Supporting Criteria:

  • The expansion targets stable food products with steady demand, minimizing market risk.
  • The projected financial results indicate profitability and exceed ZXY’s ROI requirements.
  • Sensitivity analysis demonstrates resilience to potential changes in revenue and expenses.
  • Proactive strategies can mitigate identified risks and maximize the success of the expansion.

Next Steps:

  • Secure and finalize the lease agreement for the second production facility.
  • Finalize detailed production plans and schedules for the new products.
  • Implement risk management strategies to address potential challenges.
  • Continue monitoring financial performance and adjust plans as needed.
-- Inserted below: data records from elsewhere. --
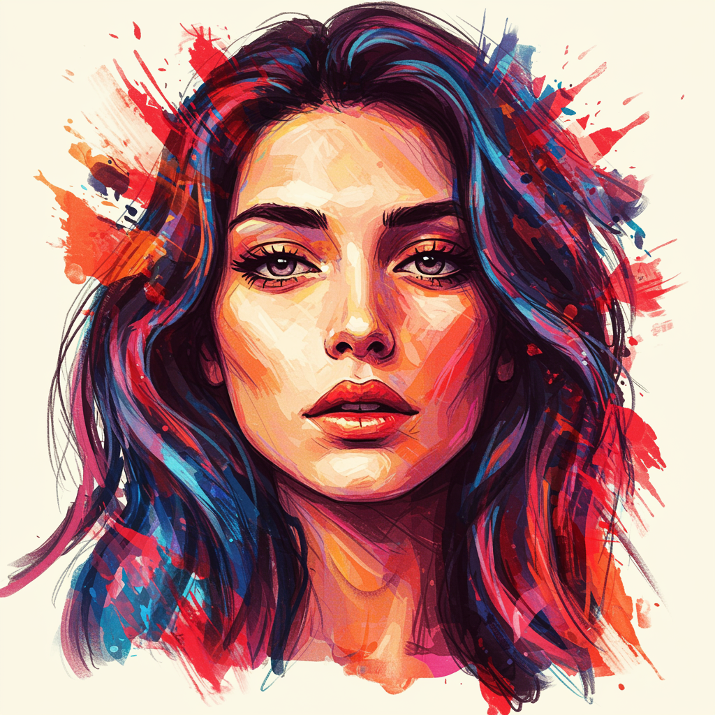 A vibrant illustration of a woman's face, featuring an array of bold colors and dynamic brush strokes, capturing an air of mystery and emotion. The composition is elongated, emphasizing an abstract elegance with flowing lines and intricate patterns that echo a sense of chaos and beauty. The artistic style merges surreal and impressionistic elements, creating a dreamlike ambiance heightened by the intense hues and fluid textures.
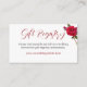 Wedding enclosure cards for gift registry. Direct guests to a wedding website to find registry information by customizing these small cards that come in bulk. White cards have red script at the top, a short paragraph in the center, and a website URL in red printed font. A rose stem with bloom and buds, decorates the upper righthand corner. Reverse is solid red. Enclose a card with an invitation to an any party for the couple, bridal shower, and wedding itself.
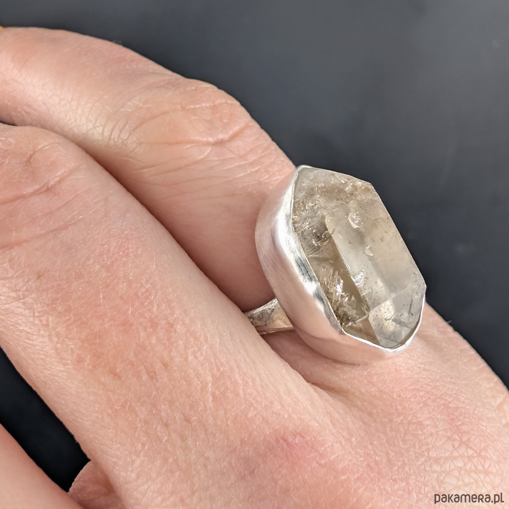 Pierścionek z oprawionym w srebro pr. 925 pięknym kwarcem zakupionym bezpośrednio od górników podczas wyprawy do Afryki (Namibia). Oprawa kamienia 21 x 12 mm, Waga 8,4 g. Rozmiar jubilerski 14, mogę powiększyć do max 15. Obrączka ma 5 mm szerokości, asymetryczna,falowana. Pierścionek w ozdobnym pudełeczku.
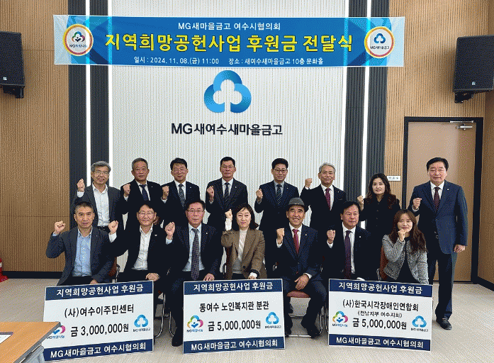한편, 여수시와 MG새마을금고 여수시협의회는 지난 2010년 지역희망공헌사업 협약을 맺고 15년째 후원을 이어오고 있으며, 누적 후원금은 약 2억 원에 달한다.
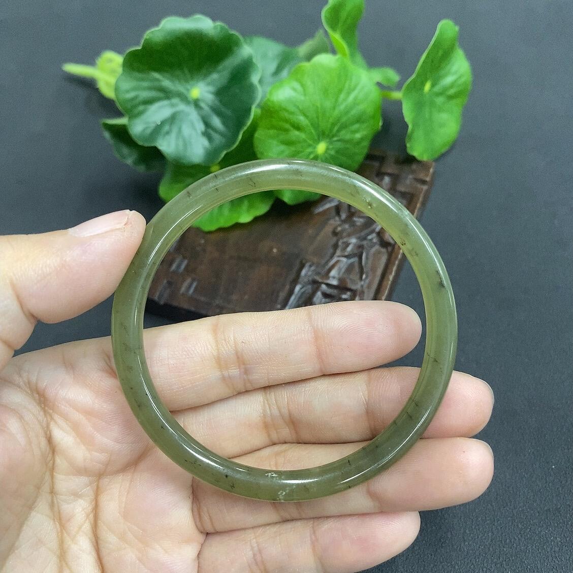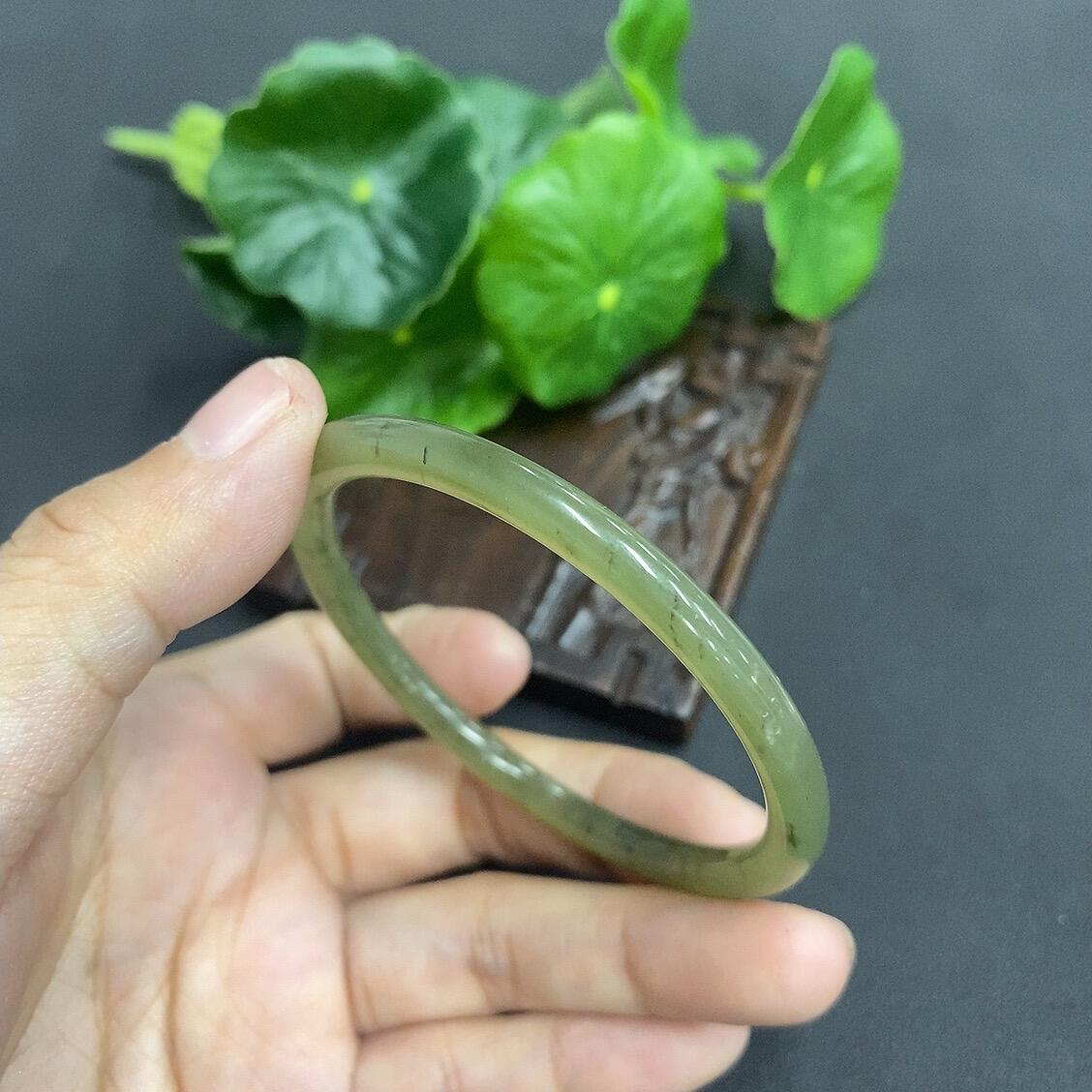 Hetian Jade Round Bangle with Grain, Size 50, Total Weight 10.8g

This report provides a comprehensive analysis of the proposed expansion and supports the recommendation to move forward. I am confident that with careful planning and execution, this expansion will be a valuable addition to ZXY Company’s portfolio.

Additional Notes:

  • This report focuses on the financial aspects of the decision. If addressing top leadership, consider incorporating visuals like charts and graphs for more impactful presentation.
  • You may also want to expand on the marketing and production aspects of the project, drawing insights from the provided spreadsheet and highlighting potential marketing strategies and production planning details.

By providing a well-structured and insightful analysis, you can effectively communicate your recommendation and help ZXY Company make an informed decision about their proposed expansion.